____ Listed records
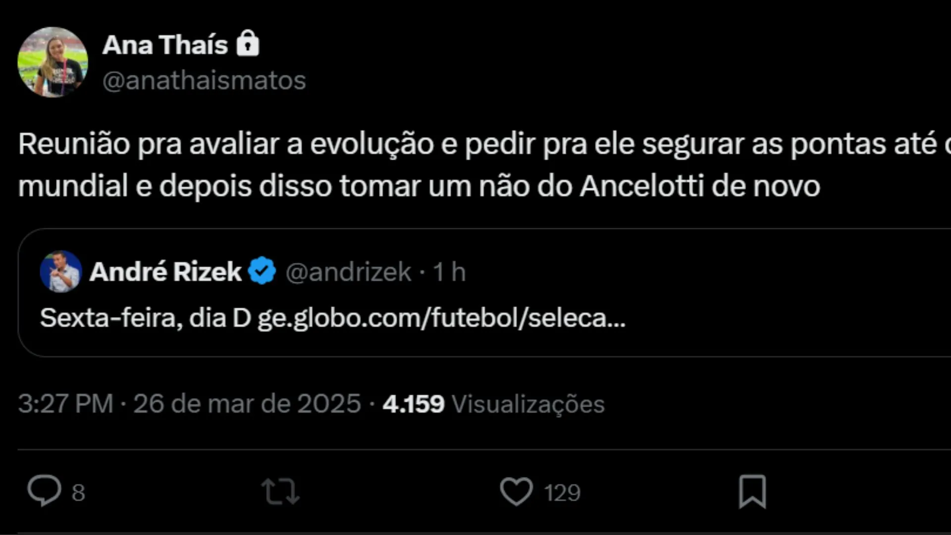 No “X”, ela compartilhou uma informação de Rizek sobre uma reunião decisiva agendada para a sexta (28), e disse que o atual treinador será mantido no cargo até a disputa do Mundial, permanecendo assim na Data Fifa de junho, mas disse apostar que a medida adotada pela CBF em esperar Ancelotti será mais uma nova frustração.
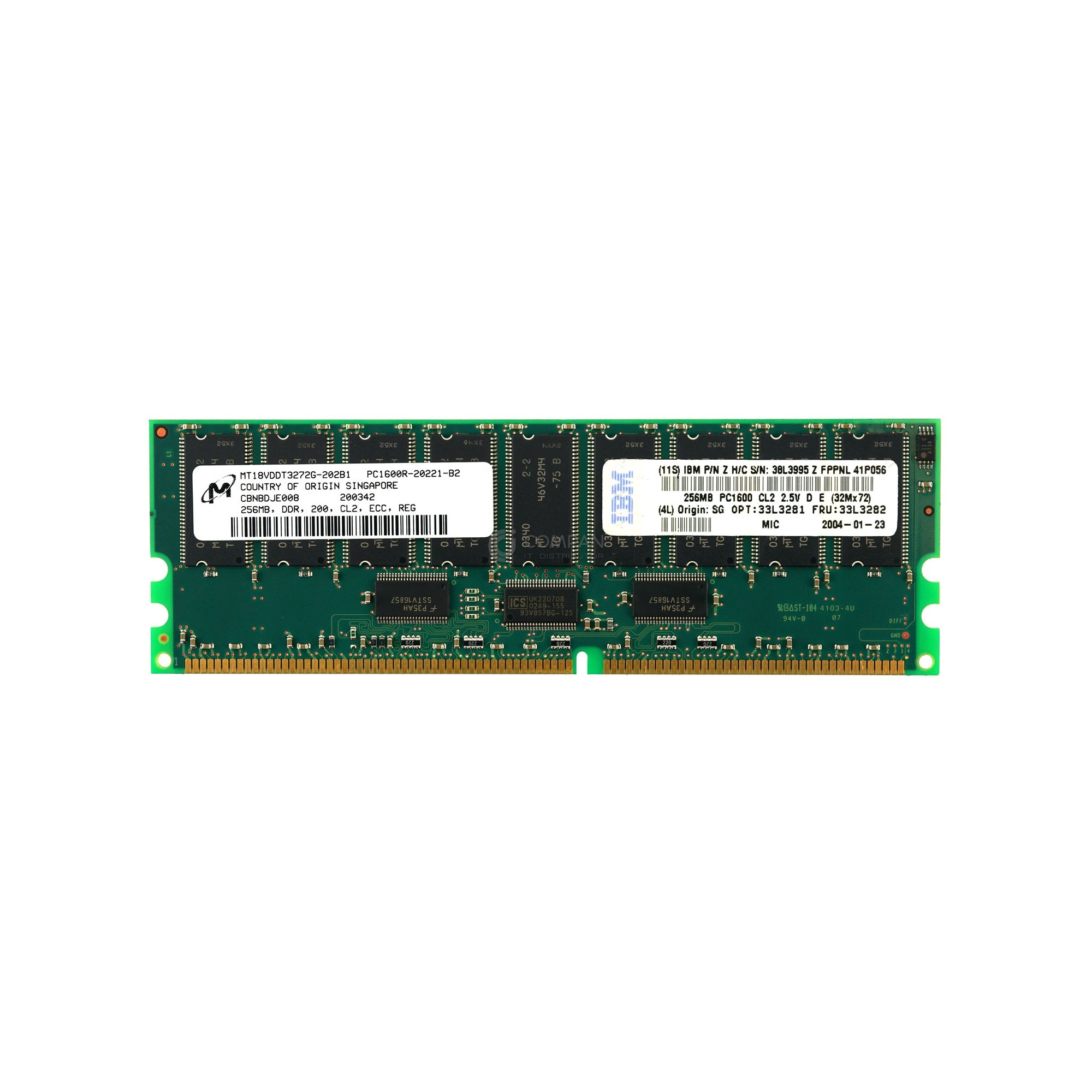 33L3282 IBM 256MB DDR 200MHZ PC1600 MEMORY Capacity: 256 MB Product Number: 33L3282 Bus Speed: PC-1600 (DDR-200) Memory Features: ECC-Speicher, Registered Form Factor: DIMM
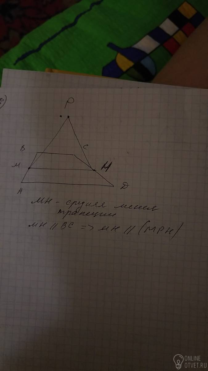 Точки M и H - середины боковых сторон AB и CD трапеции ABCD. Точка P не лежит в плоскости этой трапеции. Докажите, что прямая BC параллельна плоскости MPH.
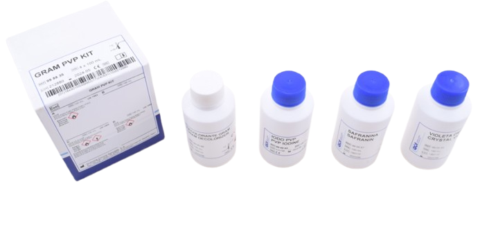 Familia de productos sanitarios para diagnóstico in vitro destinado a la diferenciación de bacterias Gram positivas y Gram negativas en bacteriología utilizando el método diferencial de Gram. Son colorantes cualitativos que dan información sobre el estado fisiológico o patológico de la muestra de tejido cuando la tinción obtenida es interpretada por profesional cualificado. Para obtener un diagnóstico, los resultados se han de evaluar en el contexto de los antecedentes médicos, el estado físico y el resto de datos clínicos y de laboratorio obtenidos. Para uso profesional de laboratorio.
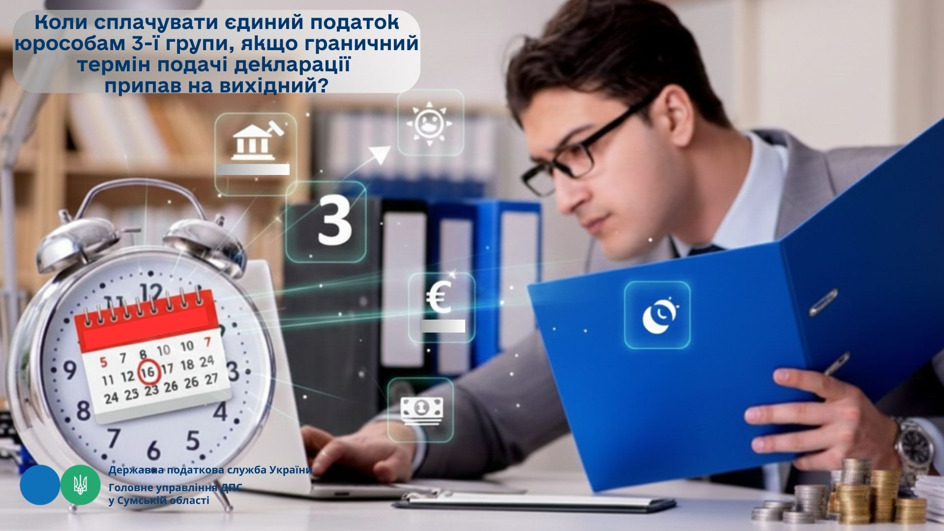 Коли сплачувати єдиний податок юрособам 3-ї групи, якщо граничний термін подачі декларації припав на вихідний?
________
Please retype only the lines from the line that holds "Familia de productos" through the end of the records, exactly as they stand, and drop every picture.

Response to this task —
 Familia de productos sanitarios para diagnóstico in vitro destinado a la diferenciación de bacterias Gram positivas y Gram negativas en bacteriología utilizando el método diferencial de Gram. Son colorantes cualitativos que dan información sobre el estado fisiológico o patológico de la muestra de tejido cuando la tinción obtenida es interpretada por profesional cualificado. Para obtener un diagnóstico, los resultados se han de evaluar en el contexto de los antecedentes médicos, el estado físico y el resto de datos clínicos y de laboratorio obtenidos. Para uso profesional de laboratorio.
 Коли сплачувати єдиний податок юрособам 3-ї групи, якщо граничний термін подачі декларації припав на вихідний?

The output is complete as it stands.